Remote-access meters can cut your energy costs
A new web-based smart metering system has been developed by CSIRO to enable householders, small businesses and electricity retailers to remotely control energy use over a broadband Internet connection.
The aim is to help small scale energy users cut energy use, costs and carbon emissions.
CSIRO project leader, Dr Martin de Groot, said the system will give householders the flexibility to cutback their electricity use at times when it’s needed elsewhere on the grid.
CSIRO has worked with energy service company, Energy Response, and hardware designer, Saturn South, to develop a system able to aggregate a large number of smaller users. Until now this has been logistically impossible and cost prohibitive.
"By taking advantage of common broadband Internet connections we are now able to build and deploy a very cheap, real-time platform to deliver energy services to individual dwellings," Dr de Groot said.
The system involves installing a mini smart-meter in a household or business electrical switchboard, which can then be managed remotely from a centralised control platform.
"Once regulatory approval has been given, energy service companies will be able offer householders more favourable electricity supply agreements and enable them to be more adaptable in their consumption patterns.
"The householders can even receive alerts on their mobile phones notifying of any significant changes in energy use in the home."
CSIRO has estimated projected cost savings for Tasmania, where the new demand side technology was developed.
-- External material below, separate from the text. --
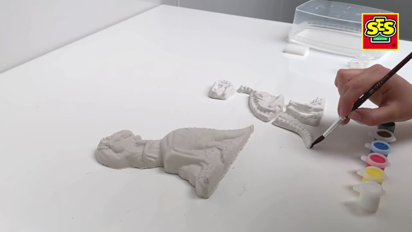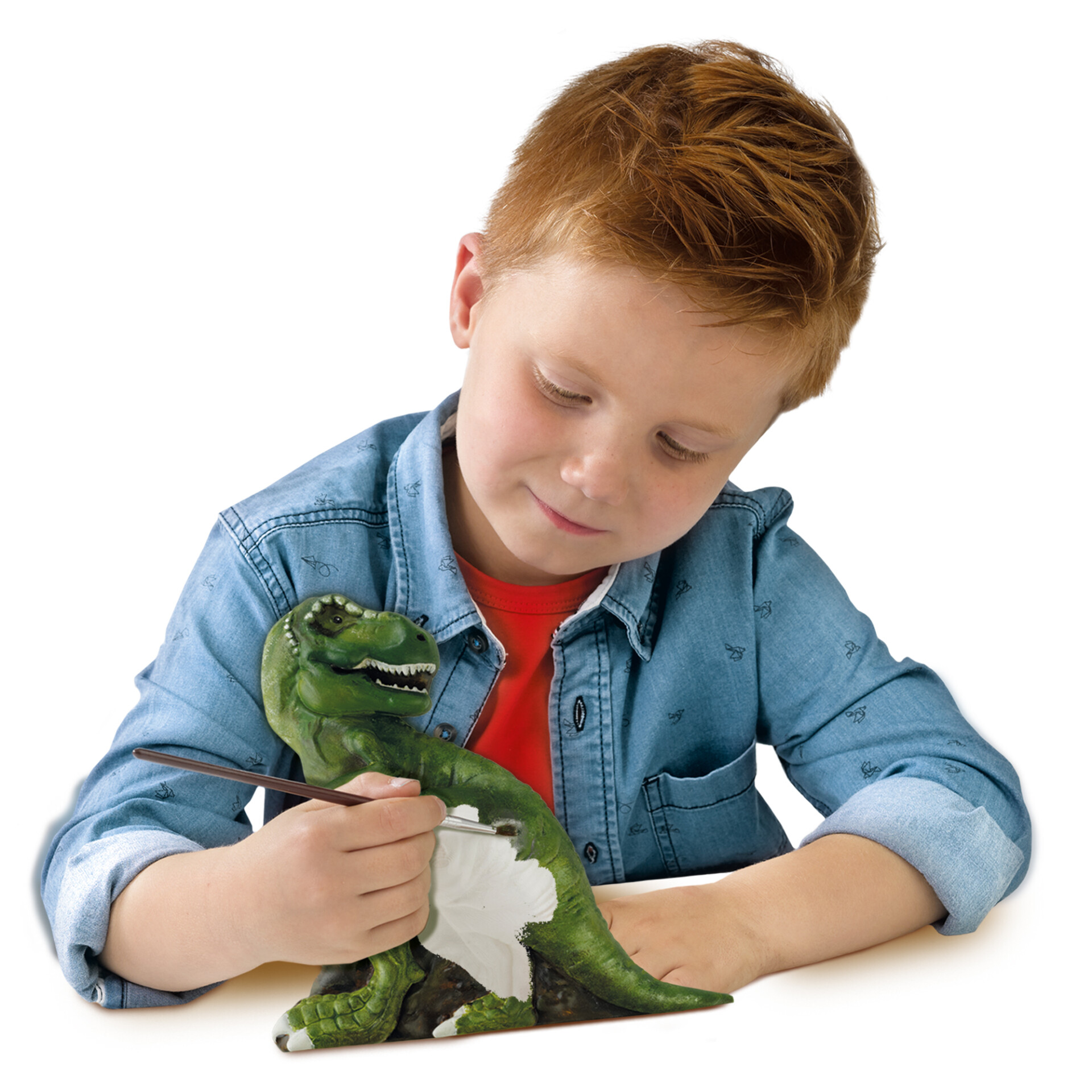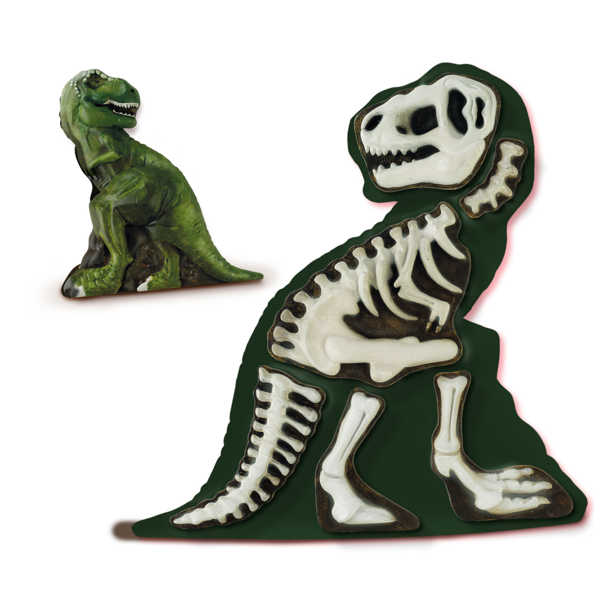Met deze gave dino set met gips van SES Creative maak je wel een hele bijzondere T-Rex. Aan de ene kant van het beeldje is het een gedetailleerde T-Rex, terwijl je aan de andere kant zijn skelet ziet! Giet de onderdelen in de mal en beschilder ze na het drogen met de gekleurde- en speciale Glow in the Dark verf. Door het meegeleverde sponsje te gebruiken krijgt de dino snel een mooie textuur. Zet je zelfgemaakt kunstwerk in je kamer en zie ’s nachts het skelet oplichten in het donker!

It found the State’s annual electricity expenditure could be cut by $10.9 million, even if less than 10 percent of Tasmanian customers used the system.
If just 10 per cent of Tasmanian households or small businesses take up the technology, the annual savings for those who do is estimated at up to $200 for householders and $1,300 for small businesses.
The infrastructure is cheap, can be retrofitted to existing buildings and complements other technologies such as local generators and intelligent home automation systems.
CSIRO developed the remote control system software and Saturn South designed and built the mini smart meters to CSIRO specifications.
The system will be on display at the CeBIT technology conference at Darling Harbour, Sydney, from 24 to 26 May.